I’ll write about this more soon, but the Wild’s depth continues to be impressive.
As Ken Hitchcock said to me a few weeks back, guys are just interchangeable.
Think about it. The first seven or eight weeks, defensemen were dropping like flies, but in came guys like Justin Falk and Nate Prosser and Kris Fredheim. Still, Marek Zidlicky’s out (affecting the power play) and now Falk right after guys like Marco Scandella and Clayton Stoner.
Up front, they’ve been without Guillaume Latendresse for 11 games and counting, now Cal Clutterbuck.
But in comes Casey Wellman to the second line, and he flashes speed and skill tonight, good play with the puck and a goal. On the fourth line the last few games, David McIntyre. In tonight, Cody Almond.
The Wild has depth, and again, these aren’t the high-end guys, like Mikael Granlund, who is lighting up Finland, and Johan Larsson and Brett Bulmer and Zack Phillips. These aren’t the high-end college guys, like Charlie Coyle and Jason Zucker and Erik Haula, who all had huge games tonight.
It’s just impressive and again gives all Wild fans reason for optimism down the road. You’ve got to love it when the best days of this organization are ahead, and this is a team who has the most points in the NHL right now.
Pretty doggone good, as Bobby Bowden would say.
Zach Parise, the former Shattuck-St. Mary’s star and Minnesota native, had a strong, workmanlike game.
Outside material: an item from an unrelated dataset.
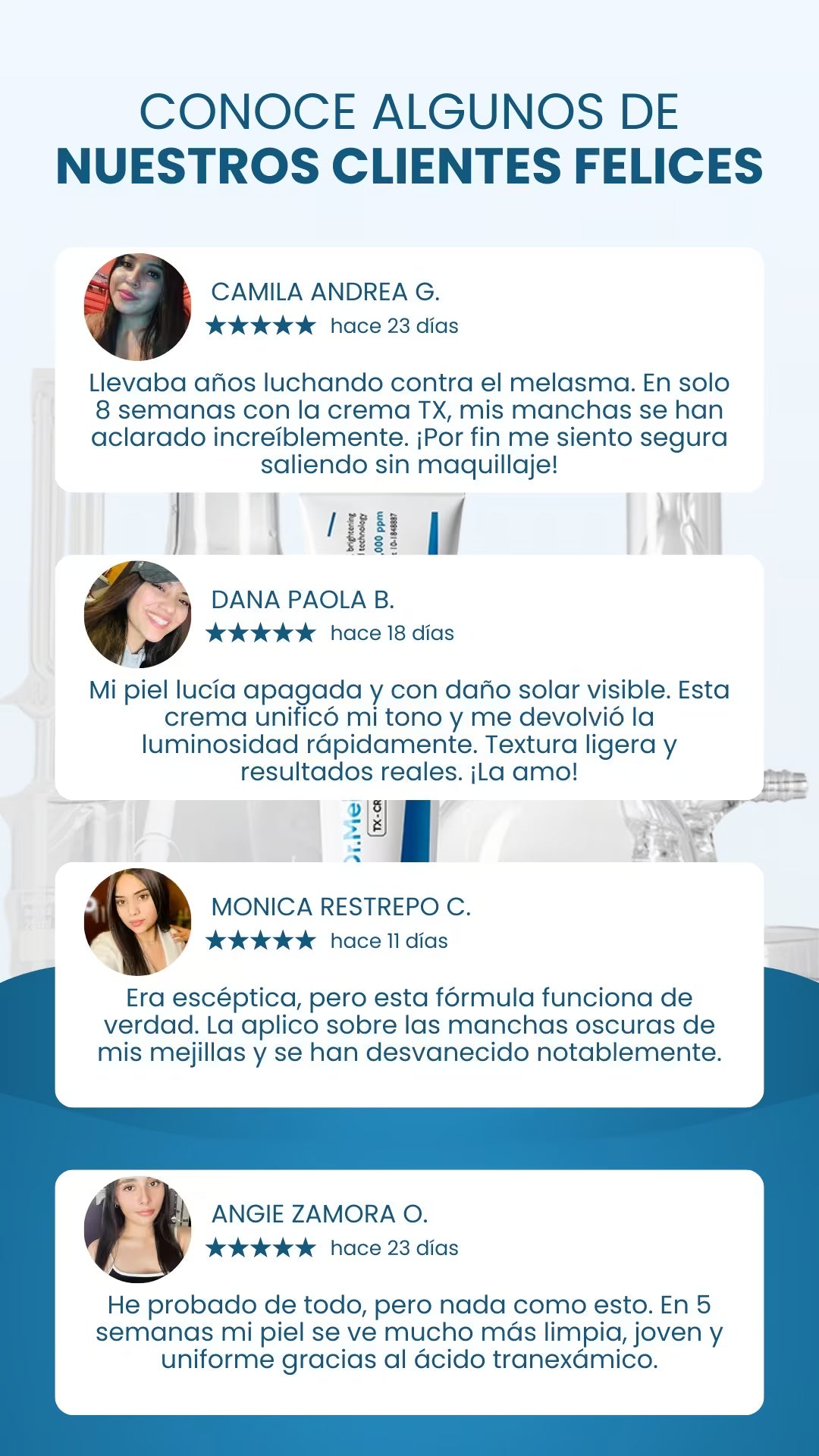 Definitivamente. El Ácido Tranexámico es el ingrediente estrella recomendado por dermatólogos específicamente para combatir el melasma resistente que otros productos no logran quitar.

He scored a goal, an assist, had eight shots and he battled in all three zones -- almost as if he was auditioning for the Wild.
Parise is an unrestricted free agent next summer, and if he gets there, it would not be surprising if the Wild pursued him.
-- Backstrom had his fifth assist in 299 games.
--Mikko Koivu’s seven-game point streak ended.
--Mike Lundin and Greg Zanon had 13 of the Wild’s 24 blocked shots
--Brodziak scored goals in consecutive games for the first time since 2009-10
--Five of Heatley’s seven goals have been the Wild’s first of a game
--The Wild won for an NHL-best 10th time when the opposition scores first BUT it wasn’t a one-goal game (darn Brodziak ruined it with the sweet breakaway tally).
--The Wild is 16-1 when allowing two goals or fewer, 0-6-3 when giving up three or more.
The Wild will not practice before its flight Saturday, and I have a flight in the morning to LA. But I should talk to Yeo in the morning by phone and I should have Internet on the long flight, so I’ll update the blog and my Twitter (www.twitter.com/russostrib) with Wild news and Niklas Backstrom and other injury updates when I know them.
Talk to you in the morning or from the O.C.